- The Washington Times - Tuesday, August 21, 2001

Former Rep. Asa Hutchinson was formally sworn in yesterday as head of the Drug Enforcement Administration, saying he "fully supports" President Bush's balanced goals of aggressive law enforcement, increased treatment and reduced demand.
"The DEA is designed to enforce the law, and that's our mission and that's what we're going to do," the three-term Republican congressman from Arkansas said at a press conference before his swearing-in ceremony at DEA headquarters.
"But it also is important to focus on new approaches that include an emphasis on educating our youth for the best life choices and the rehabilitation of those who have become addicted to drugs," he said.
Mr. Hutchinson, 50, also said that as a former federal prosecutor and congressman actively involved in anti-drug legislation, he brought to the DEA "a sense of urgency" that he hoped would relate to deeds accomplished.
"The ultimate goal is to reduce the entry of illegal drugs into the United States and the use of drugs in the United States," said Mr.
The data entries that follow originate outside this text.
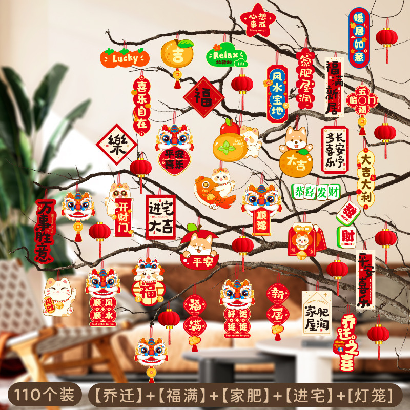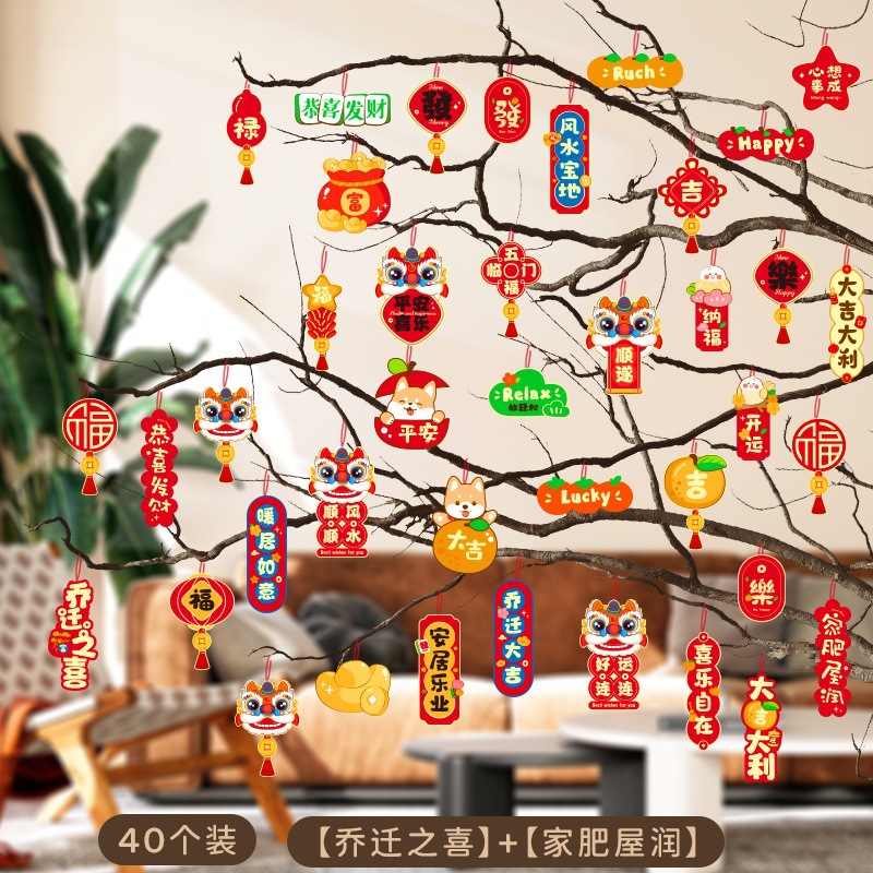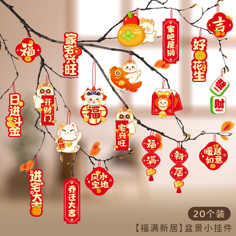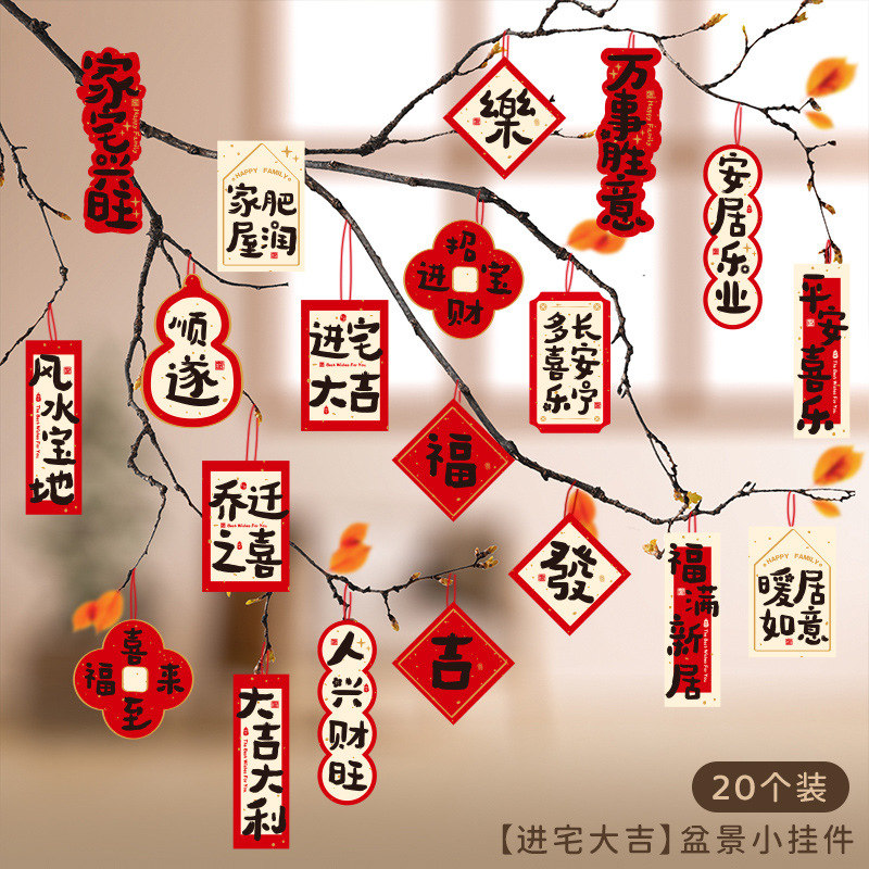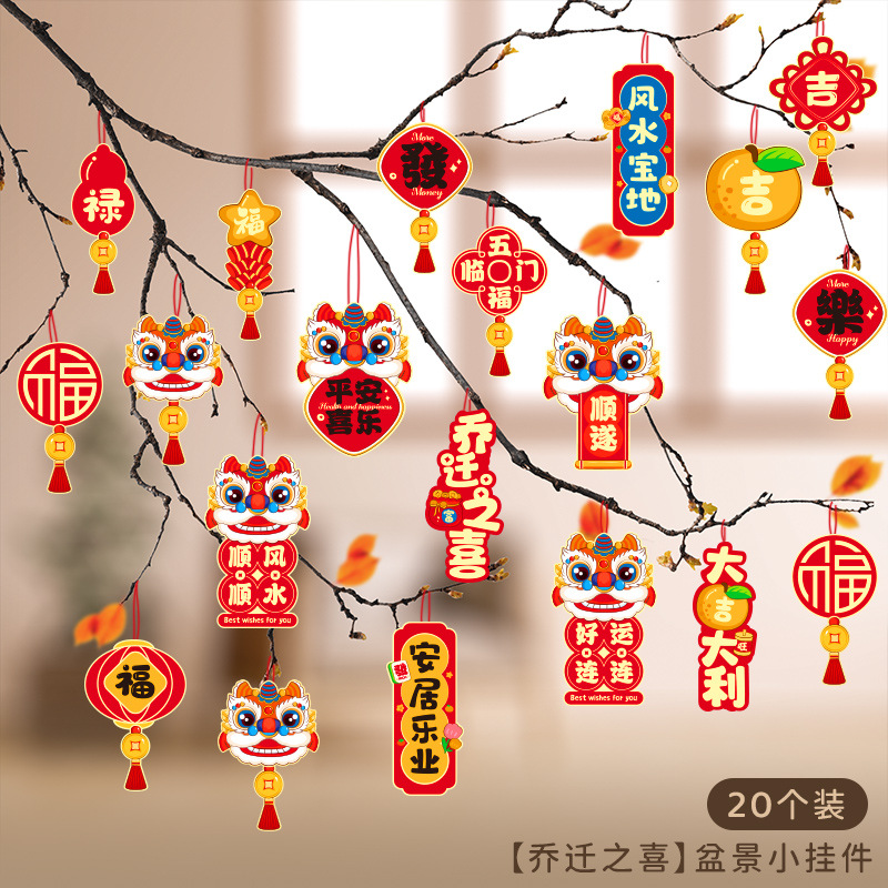 행복한 집들이 작은 랜턴 펜던트 새 집 장식 집 녹색 나무 분재 행운의 펜던트로 이동스토어 가기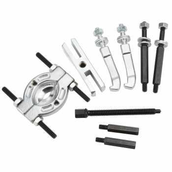| Cakupan Luas Untuk Berbagai Ukuran Set puller ini memiliki spesifikasi jangkauan yang luas. Rentang chuck clamping (penjepit chuck) 15 - 58 mm, artinya bagian chuck dapat menyesuaikan diameter bearing atau bagian dalam yang berukuran dari 15 mm hingga 58 mm. Rentang 2 jaw clamping (penjepit dua rahang) 0 - 50 mm, artinya bagian rahang dua kaki dari alat dapat menjepit dan menarik bearing dengan diameter hingga 50 mm. Dengan jangkauan seperti ini, satu set KOOKER sudah mencakup banyak ukuran bearing transmisi yang umum ditemukan pada mobil-mobil saat ini. |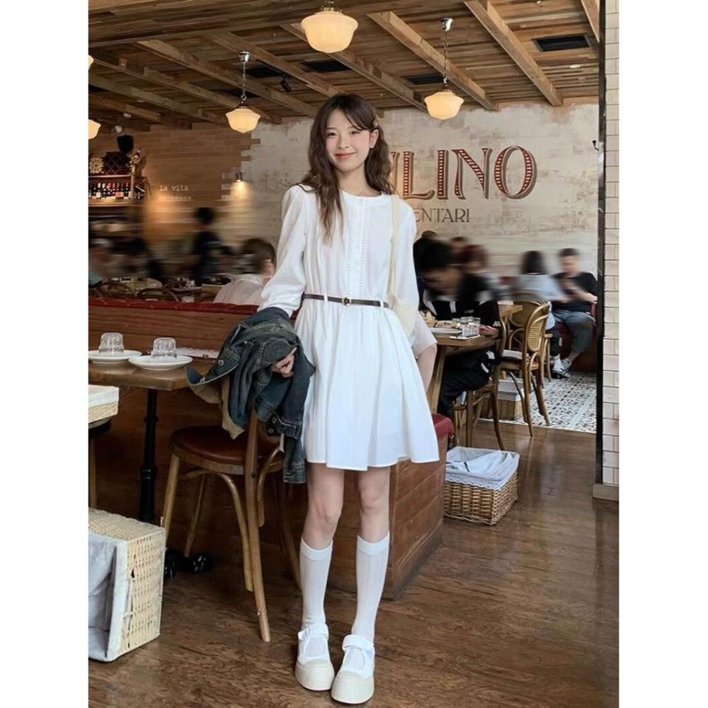 輕氧❤️ 法式小白裙清純連衣裙2025年秋冬新款韓版百搭日系裙子女 746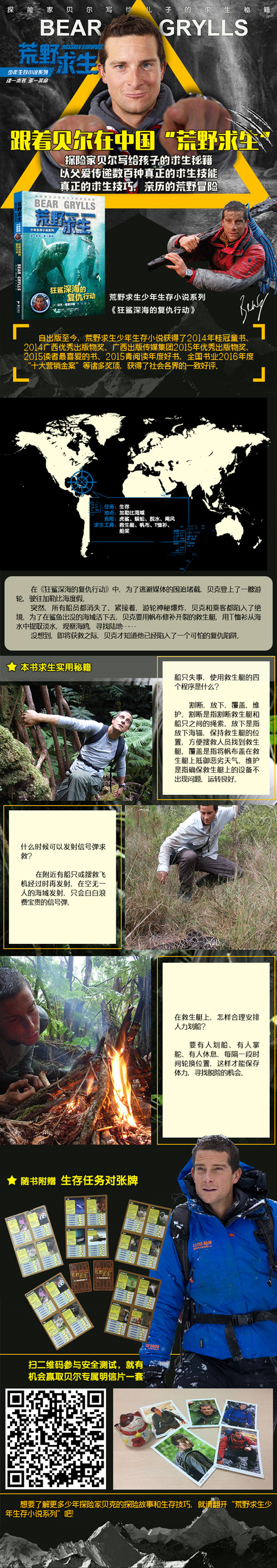 关于本系列 “荒野求生少年生存小说系列”是野外生存大师贝尔?格里尔斯专门为广大少年儿童,特别是为三个儿子创作的作品。贝尔将自己丰富的野外生存经验融入精彩的少年历险小说,在动人心魄的故事情节中,生动描述了上百种简洁而实用的求生技巧,传递了野外求生的永恒的法则“永远保持微笑,只要活着就有希望”,带领小读者在危险环境中,镇静从容,险境求生。 一望无际的滚烫沙漠、万年冰封的茫茫荒原、步步惊心的热带雨林、狂鲨出没的加勒比海域、怪鳄奔袭的澳大利亚河谷、猛虎藏身的印度尼西亚雨林……少年探险家贝克深陷绝境,没有食物,没有水,没有救援,面临着重重危机,他该如何只靠自己的双手和智慧顽强求生? 亲身验证的险境求生技巧,逆境求生的少年硬汉形象,父亲对儿子的真情大爱,让本系列图书成为一套专为少年儿童创作的荒野求生的探险奇作和险境求生的实用宝典。 关于本书 为了逃避媒体的围追堵截,贝克登上了一艘游轮,驶往加勒比海度假。 突然,所有船员都消失了。紧接着,游轮神秘爆炸,贝克和乘客都陷入了绝境。为了在鲨鱼出没的海域活下去,贝克要用帆布修补开裂的救生艇,用T恤衫从海水中提取淡水,观察海鸥,寻找陆地…… 没想到,即将获救之际,贝克才知道他已经陷入了一个可怕的复仇陷阱。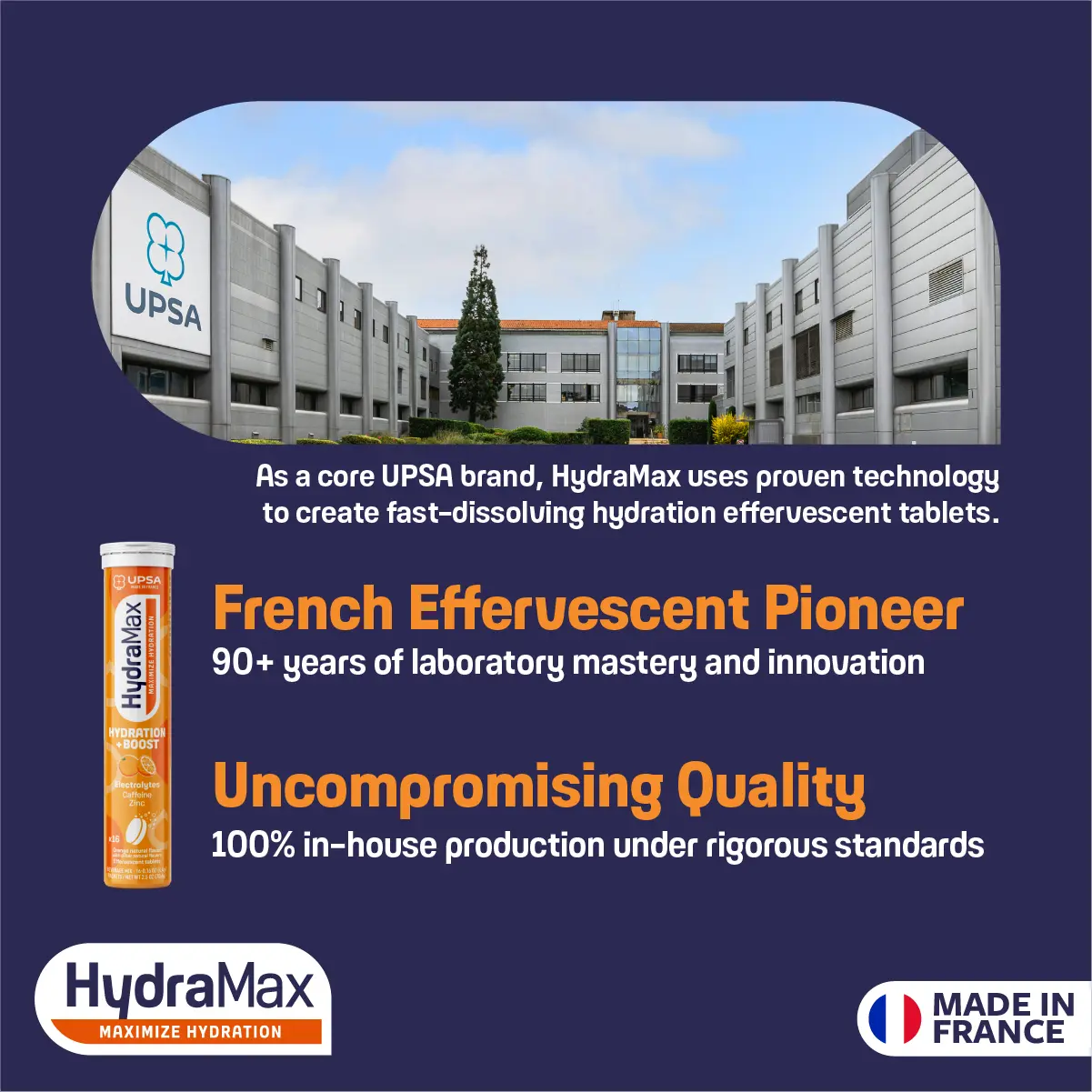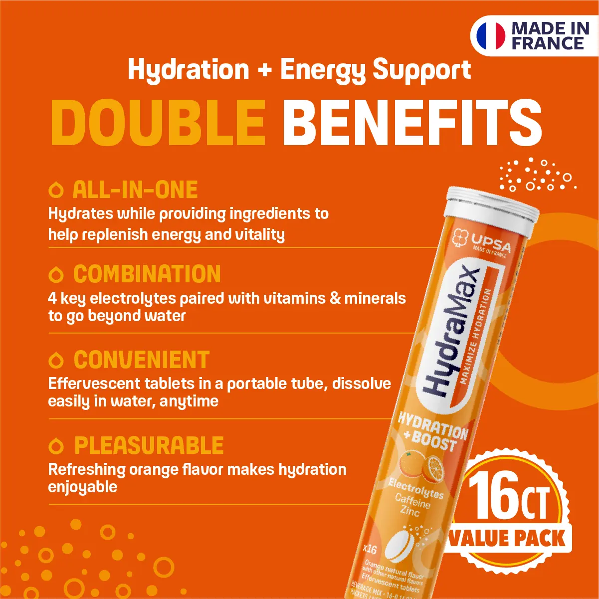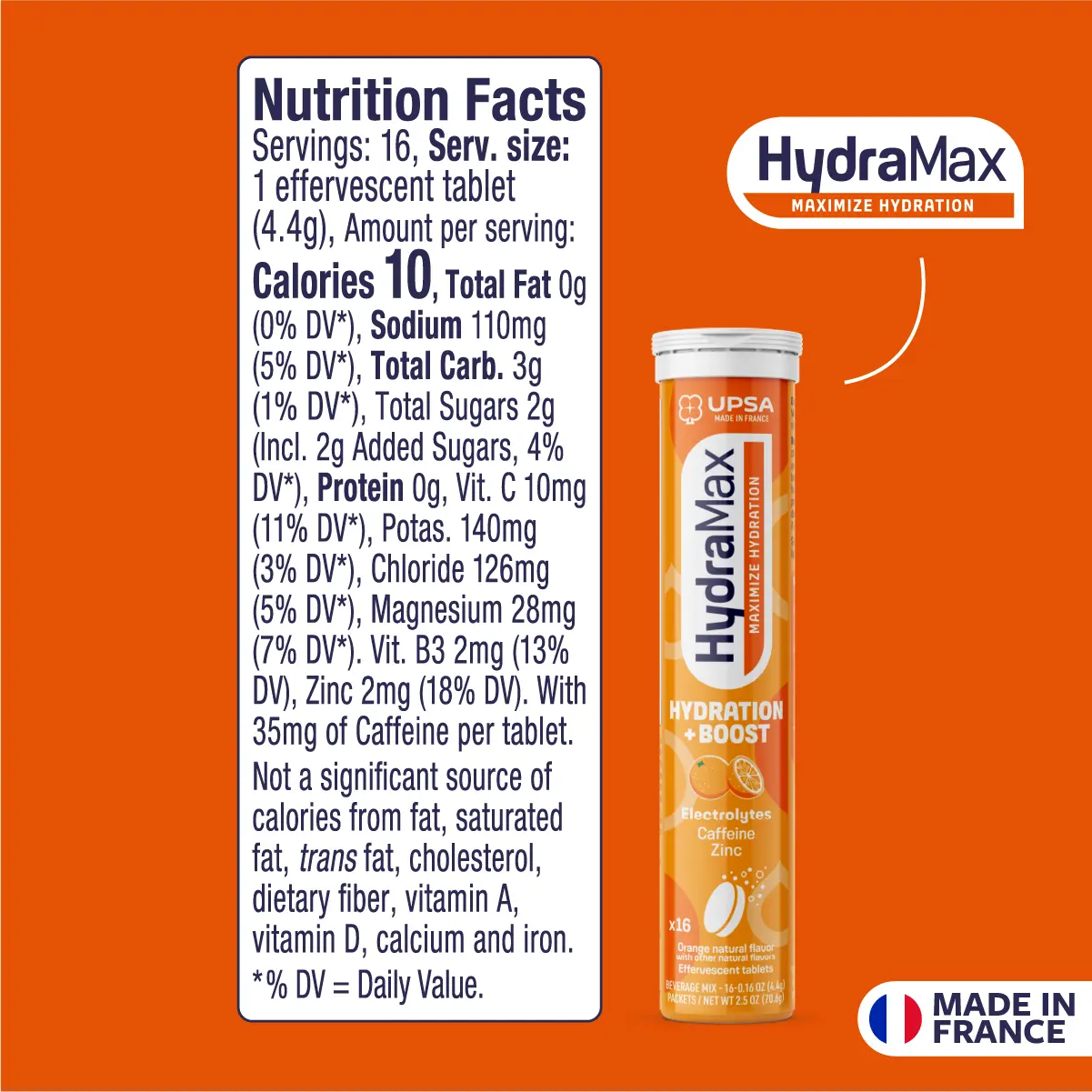 HydraMax Hydration + Boost is ideal for moments requiring hydration with an extra boost. This effervescent formula combines essential electrolytes, caffeine, and zinc to support hydration during busy days, travel, or long work hours. Each tablet dissolves easily in water, creating a refreshing orange-flavored drink. It provides a gentle boost without the heaviness of traditional energy drinks.

Hutchinson, adding that "what we are doing is important to America." He described the nation's anti-drug effort as "a noble purpose worthy of a great crusade."
He said one of the "most frustrating things that I've had to encounter thus far" was the notion that the DEA's mission had been unsuccessful.
"I think you have to put this in perspective; that whenever you look at national social problems, whether you look at child abuse, whether you look at teen violence, whenever you impact people's lives, it's a victory," he said.
Many rank-and-file DEA agents believe Mr. Hutchinson has the necessary credentials with Congress to ensure that the agency's budget and manpower needs will be met and that the DEA will be able to elevate its profile as a federal law enforcement agency. The agents privately refer to Mr. Hutchinson's congressional experience as "the juice."
Asked at the press conference if he had "the juice" to satisfy the expectations, Mr. Hutchinson said he intended to work vigorously with members of both the Senate and the House.
"If you look back at my record as United States attorney, I was very straightforward at that time in life I called it aggressive," he said.
During his confirmation hearings in July, the Senate Judiciary Committee put partisanship aside to embrace the Hutchinson nomination.
The committee's chairman, Sen. Patrick J. Leahy, Vermont Democrat, called Mr. Hutchinson "a man of integrity and intelligence," while the panel's ranking Republican, Sen. Orrin G. Hatch of Utah, described the former congressman as "good people" and said he was "grateful" that he was "willing to serve" as DEA administrator.
All of the Democratic members of the House Judiciary Committee supported the Hutchinson nomination in a letter to the Senate.
During yesterday's press conference, Mr. Hutchinson also said the DEA would continue to monitor scientific information on the use of medical marijuana, but that no data had surfaced to show the drug had any legitimate medical use.
"Congress affirmed that, and the Supreme Court affirmed that as well," he said. "If the scientific and medical community come in and continue to study it, we're going to listen to them. But that's the consensus we have at this time."
Mr. Hutchinson, a former member of the House Judiciary Committee, served as one of 13 managers during the Senate impeachment trial of President Clinton.